With the exception of the pictures, transcribe the entire listing exactly.

========================================================================

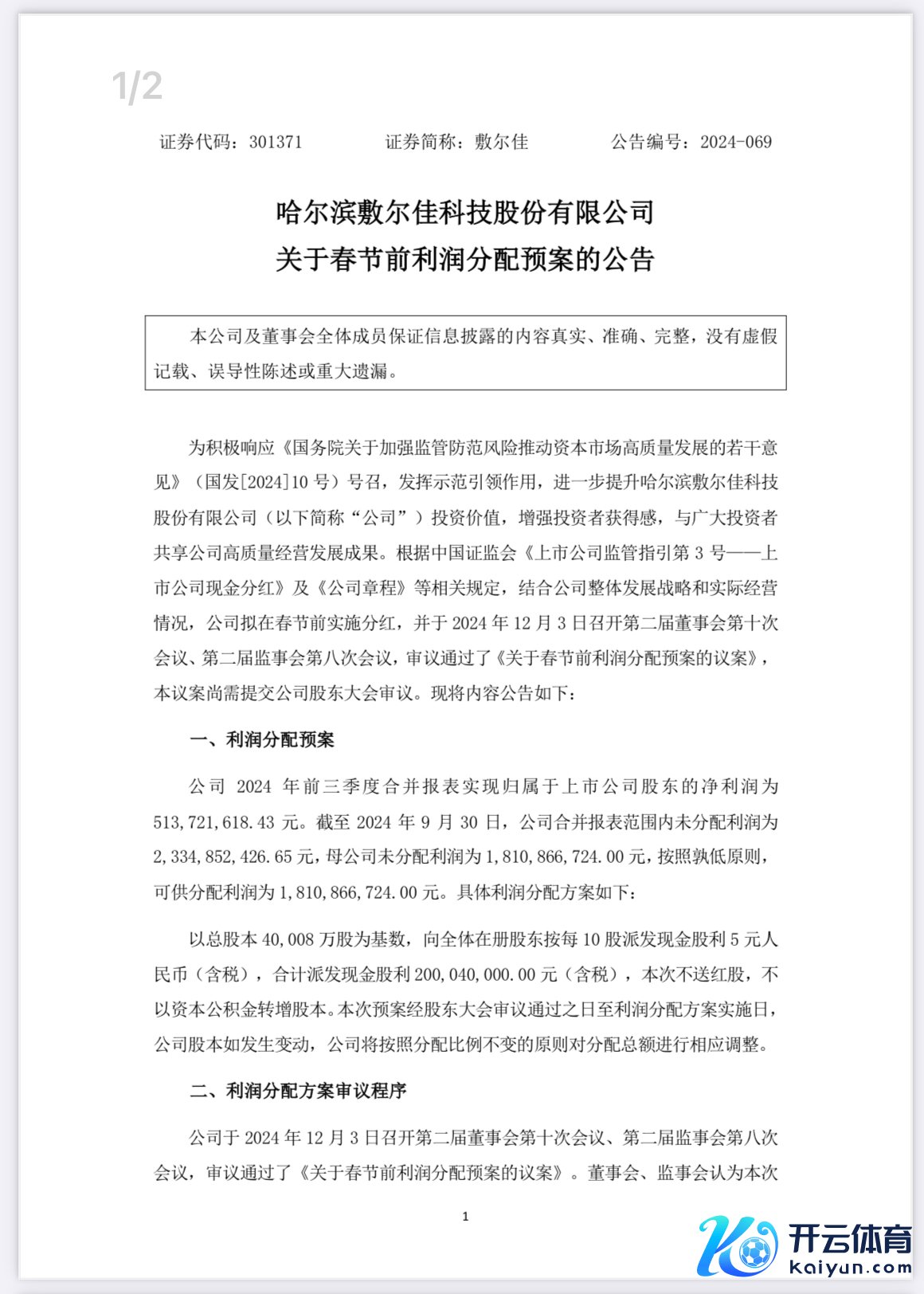 预案浮现,敷尔佳本年前三季度净利润约5.14亿元。落拓9月底,归并报表范围内未分派利润约23.35亿元。其中,母公司未分派利润约为18.11亿元,按该公司现存斟酌,具体分成预案为,拟每10股派发现款股利5元,总共派现款额约2亿元。
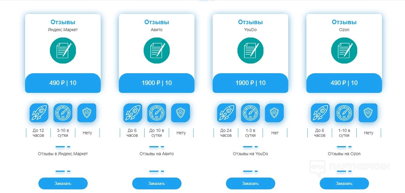 Сервис предоставляет услуги по управлению репутацией компании и повышения доверия к бренду. Для этого можно заказать отзывы на популярных площадках вроде Отзовик, а также купить обзоры для товаров на Яндекс Маркете и других маркетплейсах.
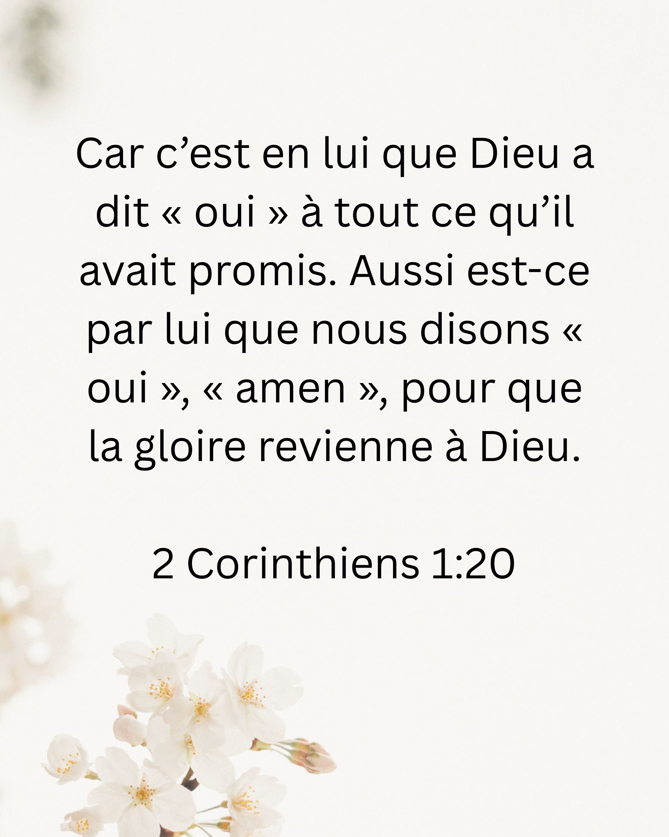 Notre verset à mémoriser cette semaine nous dit que toutes les promesses de Dieu sont "oui" en Lui. Nous voyons le "oui" des promesses de Dieu en Jésus-Christ. C'est pourquoi nous pouvons être sûres que Dieu continue à tenir toutes Ses promesses, même celles qui n'ont pas encore été tenues. Cette semaine, prenez le temps de noter et de partager les façons dont Dieu a tenu Ses promesses dans votre vie.
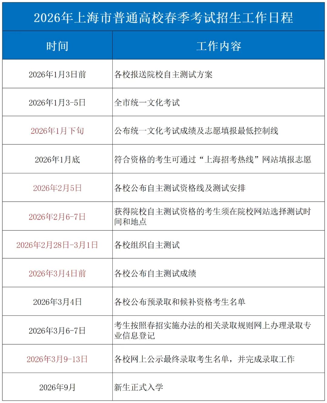 2026年上海市普通高校春季考试招生采用“统一文化考试+院校自主测试”的招生模式。考生统一文化考试成绩总分(含政策性加分)须达到志愿填报最低成绩控制线,其中应届高中毕业考生还须取得思想政治、历史、地理、物理、化学、生物学、信息技术7门科目高中学业水平合格性考试的全部合格成绩,方有资格参加春考志愿填报。
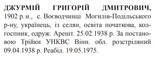 Григорій Джурмій розстріляний 09.04.1938
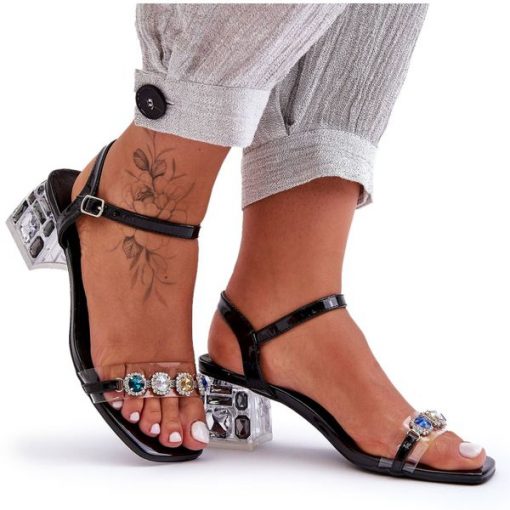 Damskie Sandały Na Obcasie Z Kryształkami Czarne S.Barski MR1037-01

========================================================================

**Response to this exercise:**
 预案浮现,敷尔佳本年前三季度净利润约5.14亿元。落拓9月底,归并报表范围内未分派利润约23.35亿元。其中,母公司未分派利润约为18.11亿元,按该公司现存斟酌,具体分成预案为,拟每10股派发现款股利5元,总共派现款额约2亿元。
 Сервис предоставляет услуги по управлению репутацией компании и повышения доверия к бренду. Для этого можно заказать отзывы на популярных площадках вроде Отзовик, а также купить обзоры для товаров на Яндекс Маркете и других маркетплейсах.
 Notre verset à mémoriser cette semaine nous dit que toutes les promesses de Dieu sont "oui" en Lui. Nous voyons le "oui" des promesses de Dieu en Jésus-Christ. C'est pourquoi nous pouvons être sûres que Dieu continue à tenir toutes Ses promesses, même celles qui n'ont pas encore été tenues. Cette semaine, prenez le temps de noter et de partager les façons dont Dieu a tenu Ses promesses dans votre vie.
 2026年上海市普通高校春季考试招生采用“统一文化考试+院校自主测试”的招生模式。考生统一文化考试成绩总分(含政策性加分)须达到志愿填报最低成绩控制线,其中应届高中毕业考生还须取得思想政治、历史、地理、物理、化学、生物学、信息技术7门科目高中学业水平合格性考试的全部合格成绩,方有资格参加春考志愿填报。
 Григорій Джурмій розстріляний 09.04.1938
 Damskie Sandały Na Obcasie Z Kryształkami Czarne S.Barski MR1037-01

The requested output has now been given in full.